WORK ITEM: Repeat, word for word, all the data that follows, and exclude the pictures.

GIVEN MATERIAL:
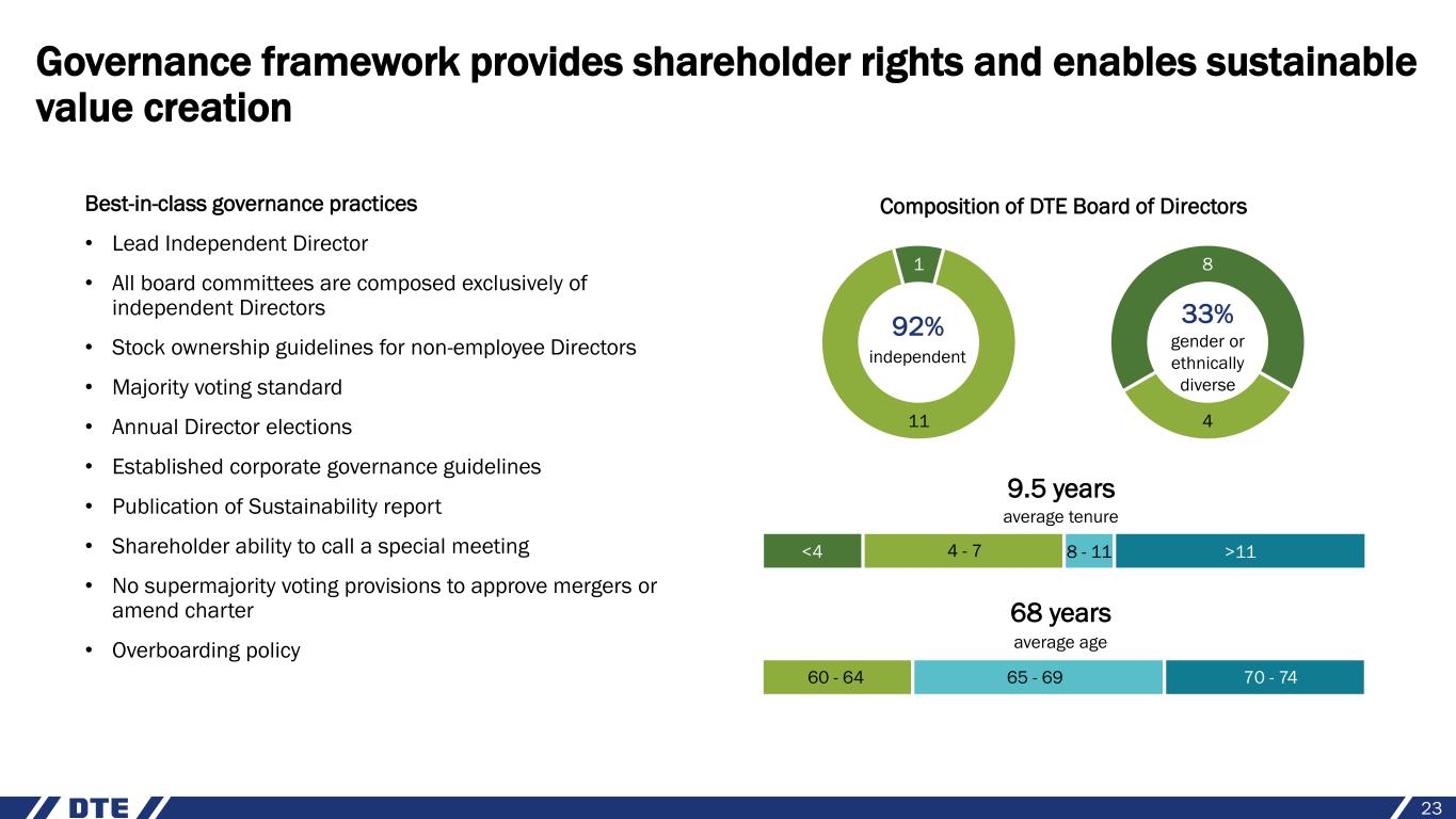 9.5 years average tenure 4 - 7 8 - 11 >11 Governance framework provides shareholder rights and enables sustainable value creation Best-in-class governance practices • Lead Independent Director • All board committees are composed exclusively of independent Directors • Stock ownership guidelines for non-employee Directors • Majority voting standard • Annual Director elections • Established corporate governance guidelines • Publication of Sustainability report • Shareholder ability to call a special meeting • No supermajority voting provisions to approve mergers or amend charter • Overboarding policy 11 1 92% independent 4 8 33% gender or ethnically diverse 65 - 69 70 - 7460 - 64 68 years average age <4 23 Composition of DTE Board of Directors
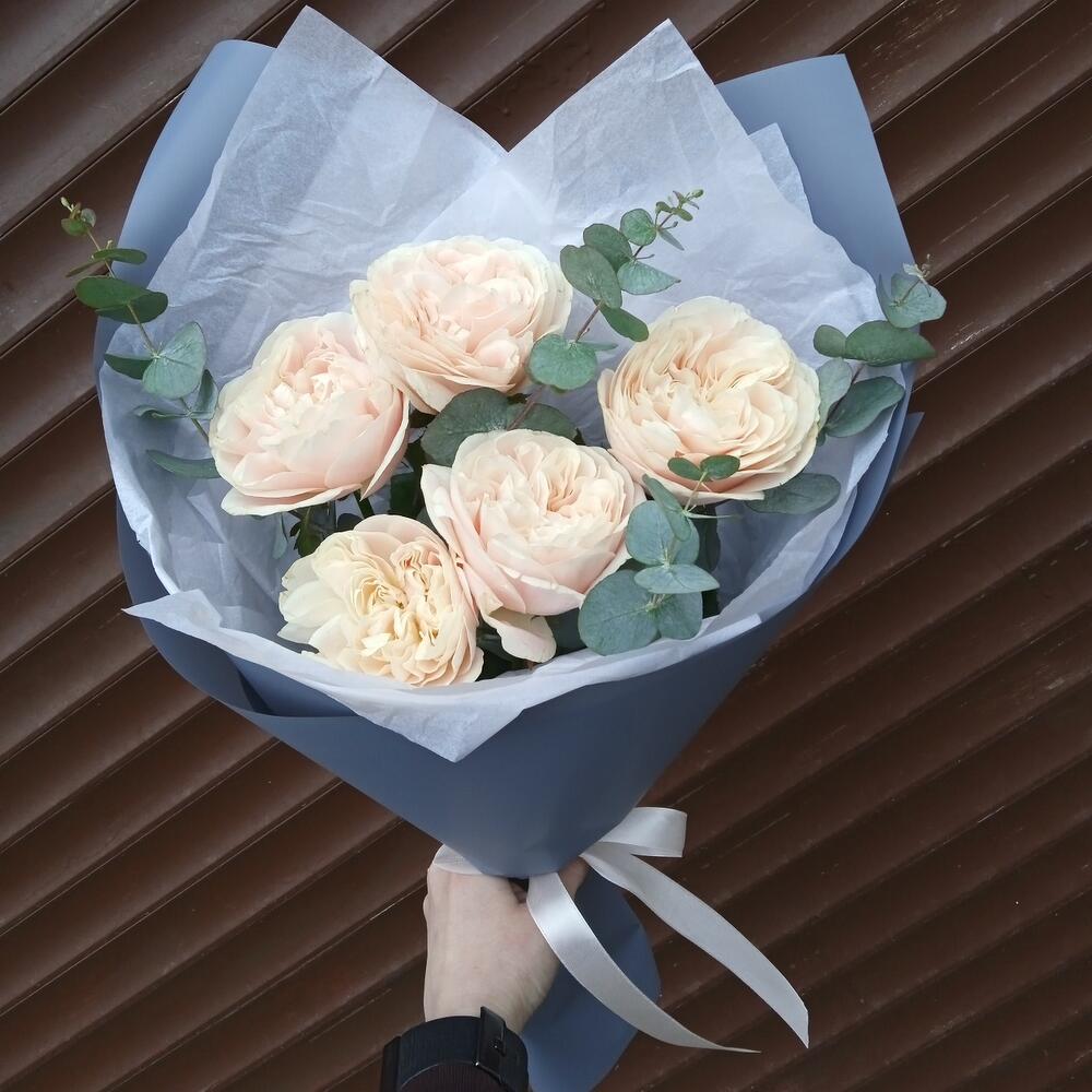 Моно букет из 5 пионовидных роз с эвкалиптом
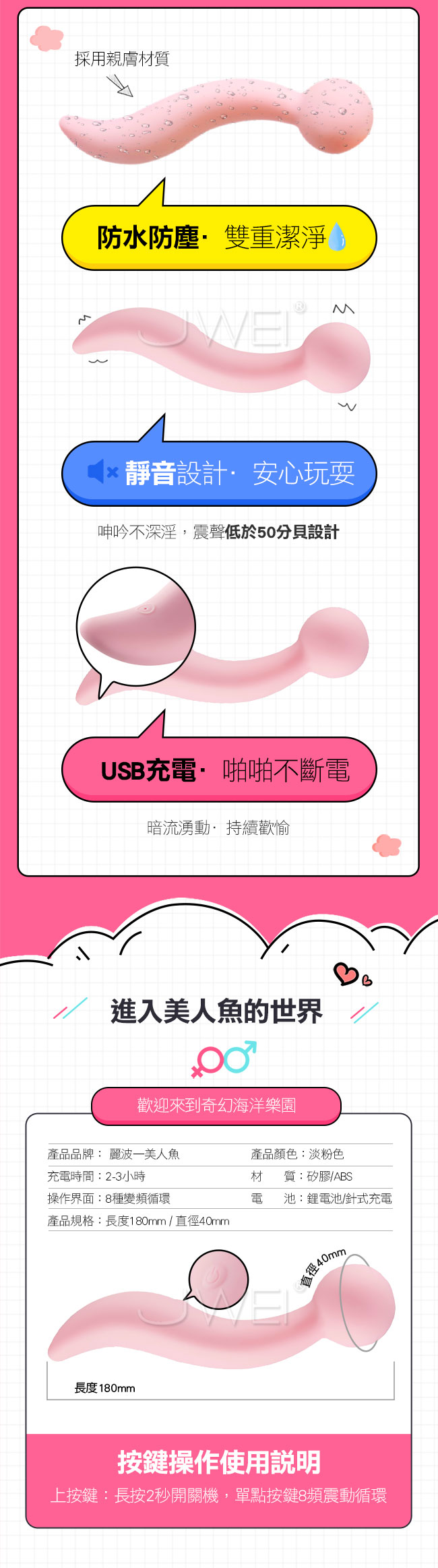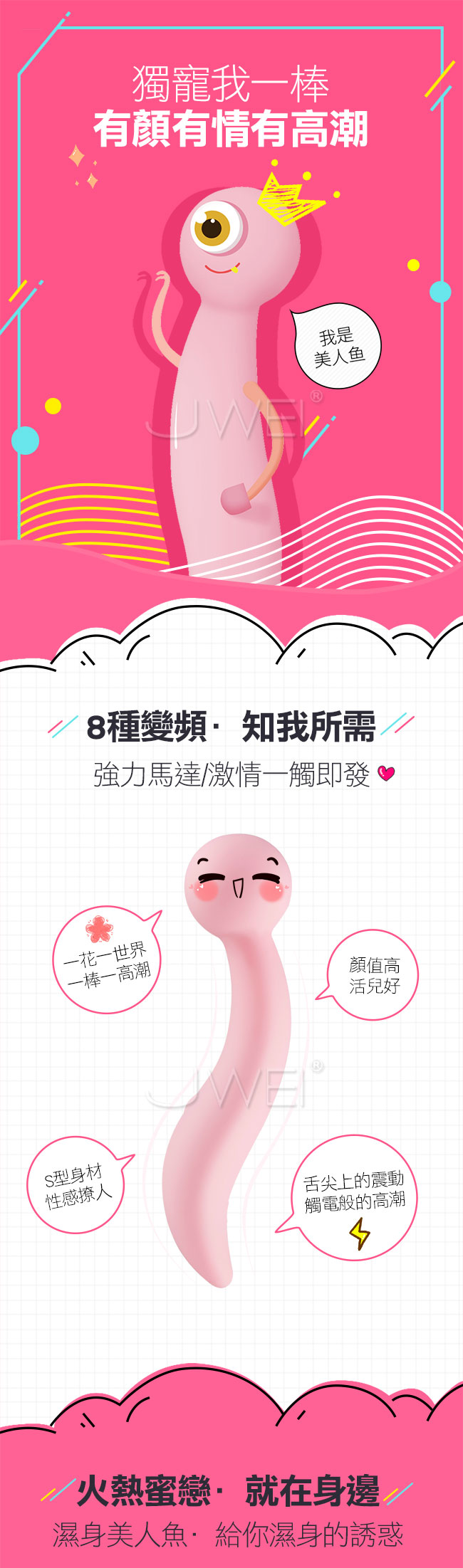 首頁 / 魚水之歡.美人魚 8段變頻防水靜音按摩棒

ANSWER FOR THIS EXERCISE:
 9.5 years average tenure 4 - 7 8 - 11 >11 Governance framework provides shareholder rights and enables sustainable value creation Best-in-class governance practices • Lead Independent Director • All board committees are composed exclusively of independent Directors • Stock ownership guidelines for non-employee Directors • Majority voting standard • Annual Director elections • Established corporate governance guidelines • Publication of Sustainability report • Shareholder ability to call a special meeting • No supermajority voting provisions to approve mergers or amend charter • Overboarding policy 11 1 92% independent 4 8 33% gender or ethnically diverse 65 - 69 70 - 7460 - 64 68 years average age <4 23 Composition of DTE Board of Directors
 Моно букет из 5 пионовидных роз с эвкалиптом
 首頁 / 魚水之歡.美人魚 8段變頻防水靜音按摩棒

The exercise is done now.